KC-2779

Calu6 B7H3 KO 3A3 Cell Line

27167

Home » Calu6 B7H3 KO 3A3 Cell Line

Background of Calu6 B7H3 KO 3A3 Cell Line

B7-H3 is a 316 amino acid-long type I transmembrane protein, existing in two isoforms determined by its extracellular domain. In mice, the extracellular domain consists of a single pair of immunoglobulin variable (IgV)-like and immunoglobulin constant (IgC)-like domains. B7-H3 mRNA is expressed in most normal tissues. In contrast, B7-H3 protein has a very limited expression on normal tissues because of its post-transcriptional regulation by microRNAs. However, B7-H3 protein is expressed at high frequency on many different cancer types (60% of all cancers).

Specifications

Catalog Number	KC-2779
Cell Line Name	Calu6 B7H3 KO 3A3 Cell Line
Host Cell Line	Calu6
Description	Stable Calu6 clone with human B7H3 gene knockout, No.3A3
Quantity	One vial of frozen cells (≥2-10⁶/vial)
Stability	Stable in culture over a minimum of 10 passages
Application	Drug screening and biological assays
Freezing Medium	70% MEM + 0.01Mm NEAA+20% FBS + 10% DMSO
Propagation Medium	MEM + 0.01Mm NEAA + 10% FBS
Selection Marker	N/A
Morphology	Epithelial
Subculture	Split saturated culture 1:4-1:5 every 2-3 days; seed out at about 1-3 × 10⁵ cells/mL
Incubation	37 °C with 5% CO₂
Storage	Liquid nitrogen immediately upon receiving
Doubling Time	Approximately 48 hours
Mycoplasma Status	Negative
In Vivo Validation	NA

Cell Line Generation

Calu-6 -B7H3 knockout cell line was generated using a CRISPR method.

Characterization

Figure 1: Characterization of B7H3 knockout in Calu-6 using PCR sequencing.
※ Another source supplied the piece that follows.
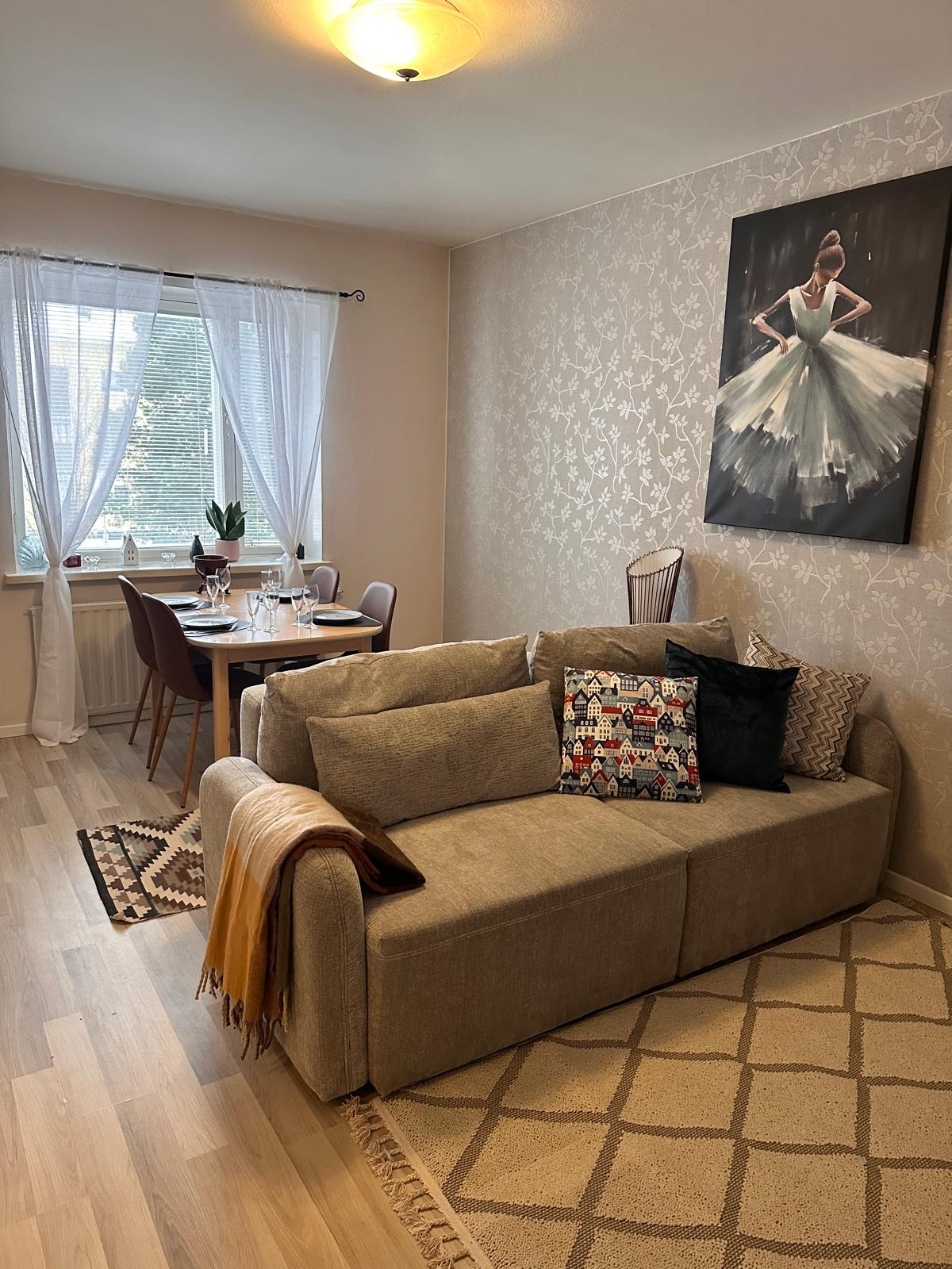セイニョキ市街地(1km)近くの非常に清潔で広々とした2ベッドルーム(60m2)。最大6名様までご宿泊いただけます。 コーヒーと紅茶をご用意しております。バスルームには無料の洗濯機があります。バルコニーにはガラスが張られています。 清掃料金は料金に含まれています。 バス停まで70メートル Kマーケット100m Sマーケット450m 中央病院1.7キロ イデアパーク3.5km

Figure 2: Characterization of B7H3 knockout in Calu-6 using FACS.

Cell Resuscitation

Prewarm culture medium (MEM + 0.01Mm NEAA + 10% FBS)in a 37°C water bath.
Thaw the frozen vial in a 37°C water bath for 1-2 minutes.
Transfer the vial into biosafety cabinet, and wipe the surface with 70% ethanol.
Unscrew the top of the vial and transfer the cell suspension gently into a sterile centrifuge tube containing 9.0mL complete culture medium.
Spin at ~ 125 × g for 5-7 minutes at room temperature, and discard the supernatant without disturbing the pellet.
Resuspend cell pellet with the appropriate volume of complete medium and transfer the cell suspension into a T25 culture flask.
Incubate the flask at 37°C, 5% CO₂ incubator.
Split saturated culture 1:4-1:5 every 2-3 days; seed out at about 1-3 × 10⁵ cells/mL.

Cell Freezing

Prepare the freezing medium (70% MEM + 0.01Mm NEAA+20% FBS + 10% DMSO) fresh immediately before use.
Keep the freezing medium on ice and label cryovials.
Transfer cells to a sterile, conical centrifuge tube, and count the cells.
Centrifuge the cells at 250×g for 5 minutes at room temperature and carefully aspirate off the medium.
Resuspend the cells at a density of at least 3×10⁶ cells/mL in chilled freezing medium.
Aliquot 1 mL of the cell suspension into each cryovial.
Freeze cells in the CoolCell freezing container overnight in a -80°C freezer.
Transfer vials to liquid nitrogen for long-term storage

References

Zhang GB, Chen YJ, Shi Q, Ma HB, Ge Y, Wang Q, Jiang Z, Xu Y, Zhang XG (June 2004). Human recombinant B7-H3 expressed in E. coli enhances T lymphocyte proliferation and IL-10 secretion in vitro. Acta Biochimica et Biophysica Sinica. 36 (6): 430–6. doi:10.1093/abbs/36.6.430. PMID 15188059.

Use License Agreement

Research Use Only.

Not for use in diagnostic procedures or therapeutic applications.

Redistribution of the cell line or its derivatives is prohibited without prior written permission from Kyinno Biotechnology.